Prasophyllum pictum is a species of orchid endemic to New South Wales. It has a single tubular, shiny dark green leaf and up to twenty two scented brown, pink, purple and white flowers. It is only known from three subpopulations on the Northern Tablelands.

==Description==
Prasophyllum pictum is a terrestrial, perennial, deciduous, herb with an underground tuber and a single shiny, dark green, tube-shaped leaf, 200-300 mm long and 3-4 mm wide with a purplish base. Between about nine and twenty two flowers are crowded along a flowering spike 100-200 mm long, reaching to a height of up to 350 mm. The flowers are sweetly scented and are white with brown, pink and purple tones. As with others in the genus, the flowers are inverted so that the labellum is above the column rather than below it. The dorsal sepal is broadly egg-shaped to lance-shaped, 8-10 mm long, 3-4 mm wide and has three to five darker veins and a pointed tip.

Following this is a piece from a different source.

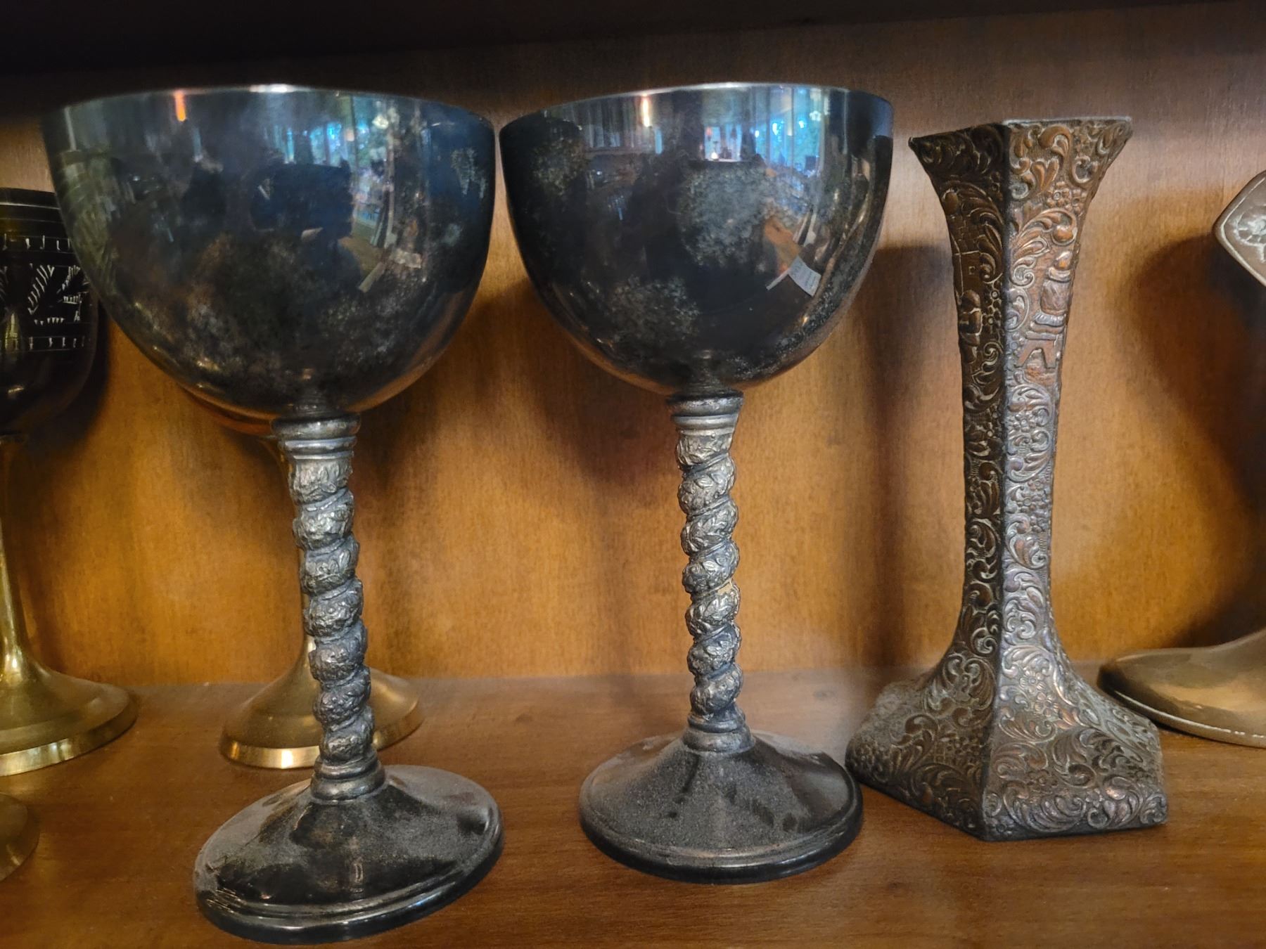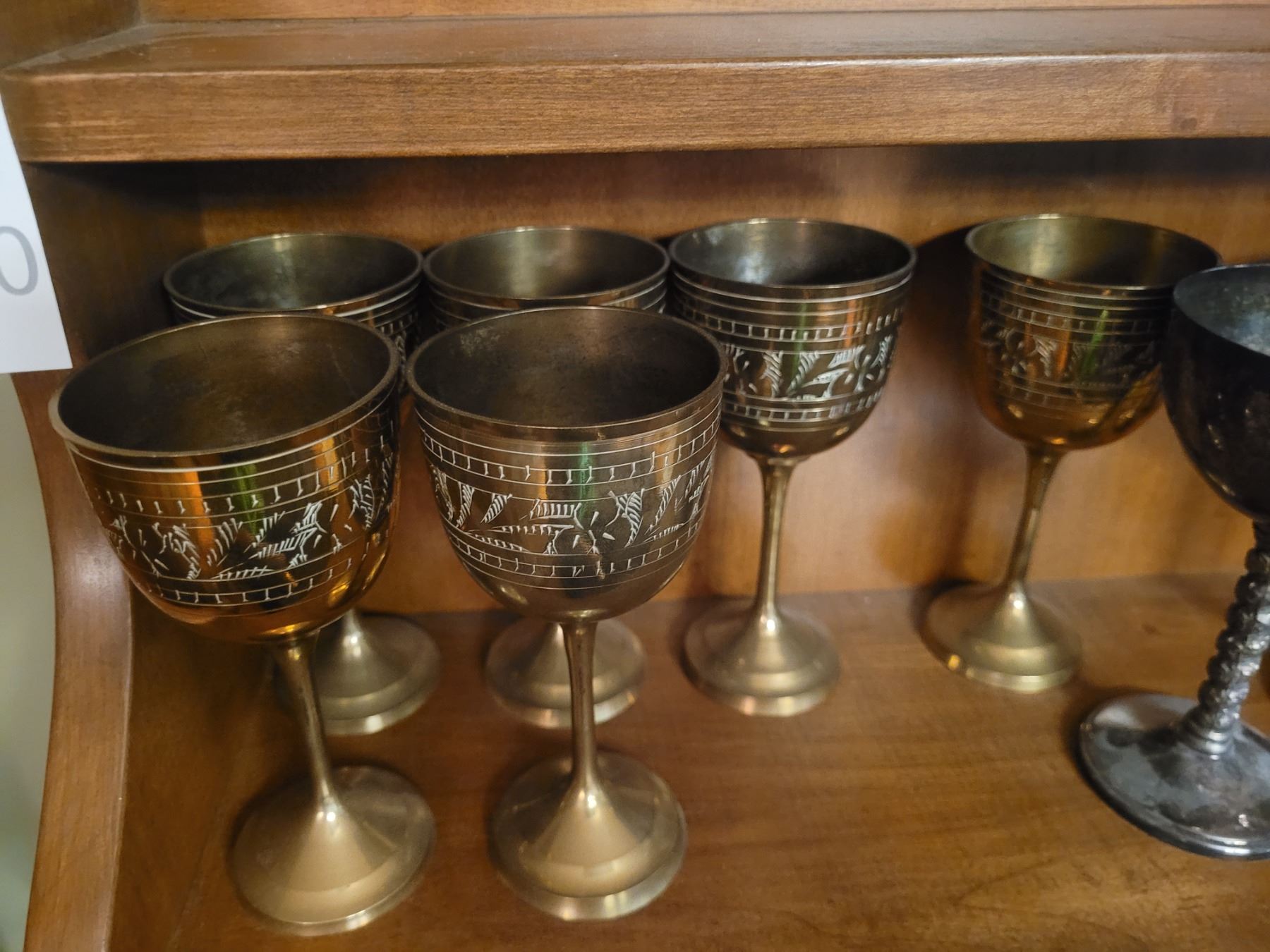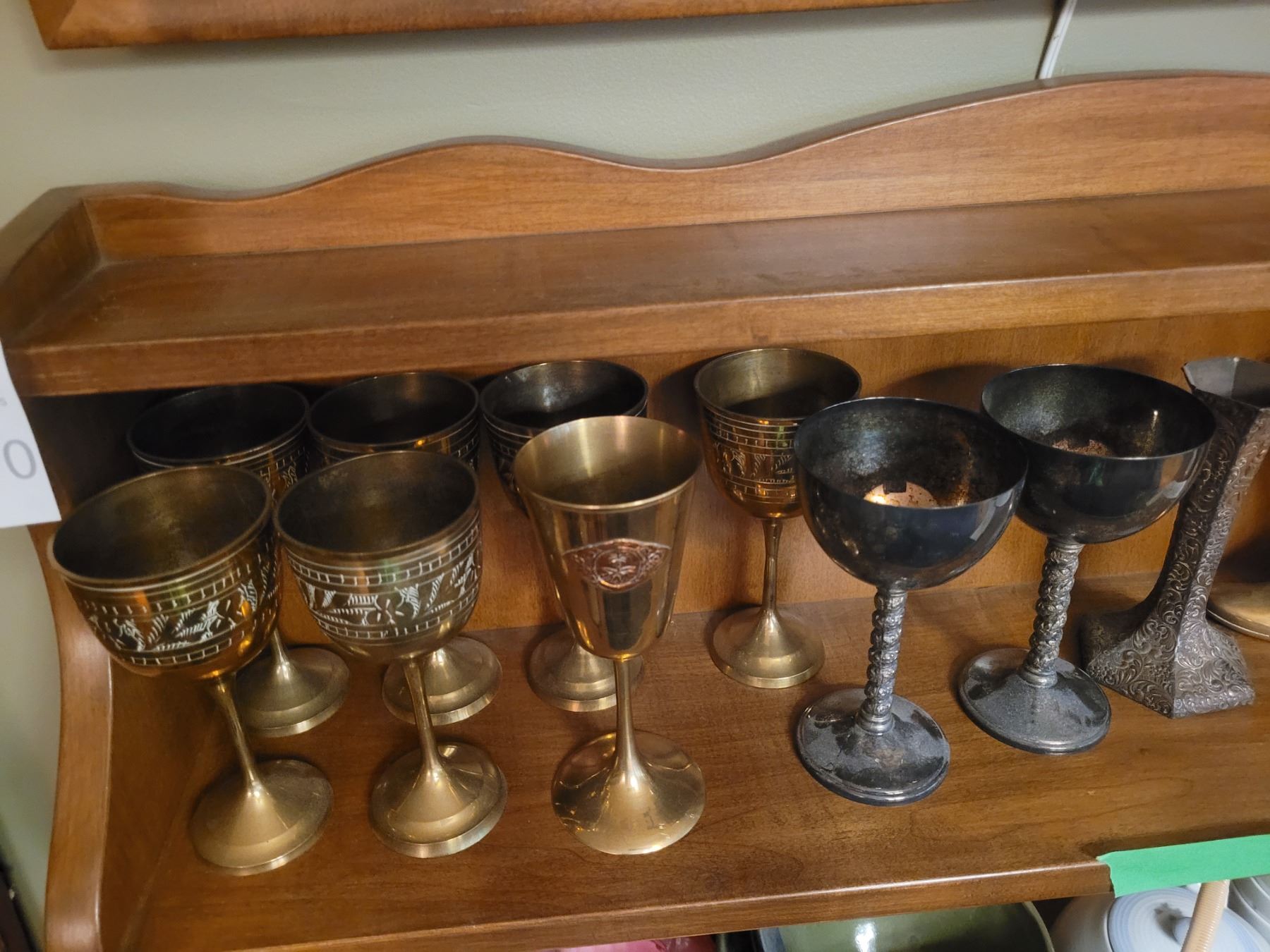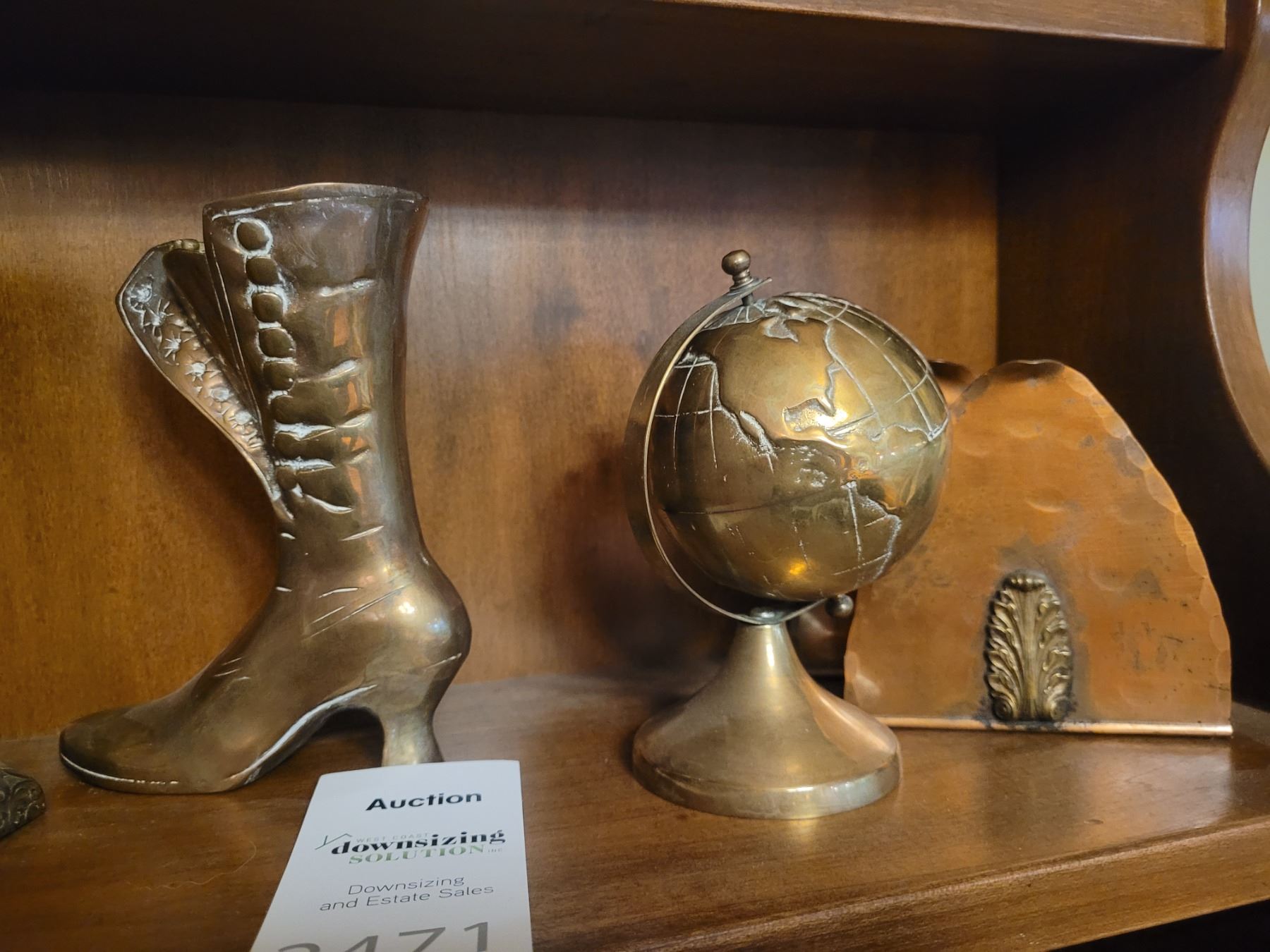 Collection of brass,silver plate copper, metal goblets, brass boot, atlas, more. Pick up 9-10
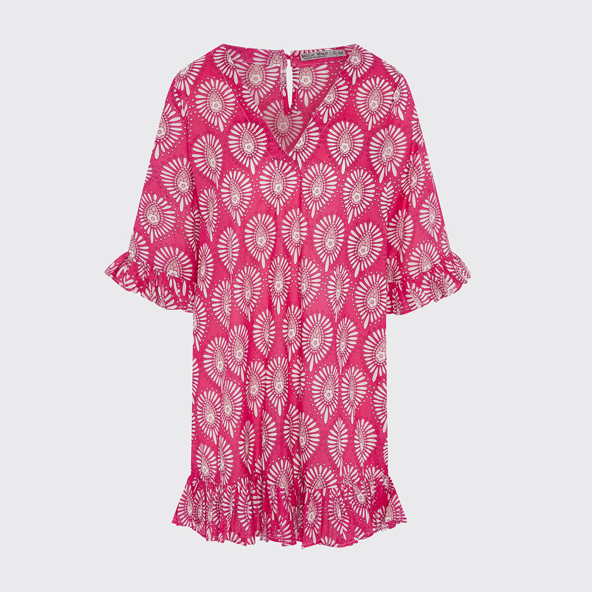 Beautifully designed light weight summer tunic with a flower burst pattern. A floaty fit, with elbow length ruffle sleeves and hem. Wear on it's own or pair with leggings.

The lateral sepals are linear to lance-shaped, 8.5-11 mm long, about 2 mm wide and joined to each other, at least when the flower first opens. The petals are white with a pink to red central area, linear, 8.5-11.5 mm long and about 2 mm wide. The labellum is white, oblong to lance-shaped, 10-12 mm long, about 4 mm wide and turns sharply upwards through more than 90°. There is an egg-shaped to wedge-shaped yellow callus with a dark green base in the centre of the labellum and extending well past the bend. Flowering occurs between late November and late December.

==Taxonomy and naming==
Prasophyllum pictum was first formally described in 2018 by David Jones and Lachlan Copeland from a specimen collected near Ebor and the description was published in Australian Orchid Review. The specific epithet (pictum) is derived from the Latin word pictus meaning "painted" or "colored", referring to the colourful flowers of this leek orchid.

==Distribution and habitat==
This leek orchid grows in grassland and grassy woodland at altitudes of about 1300 m. It is only known from three subpopulations containing a total of about 200 plants near Ebor.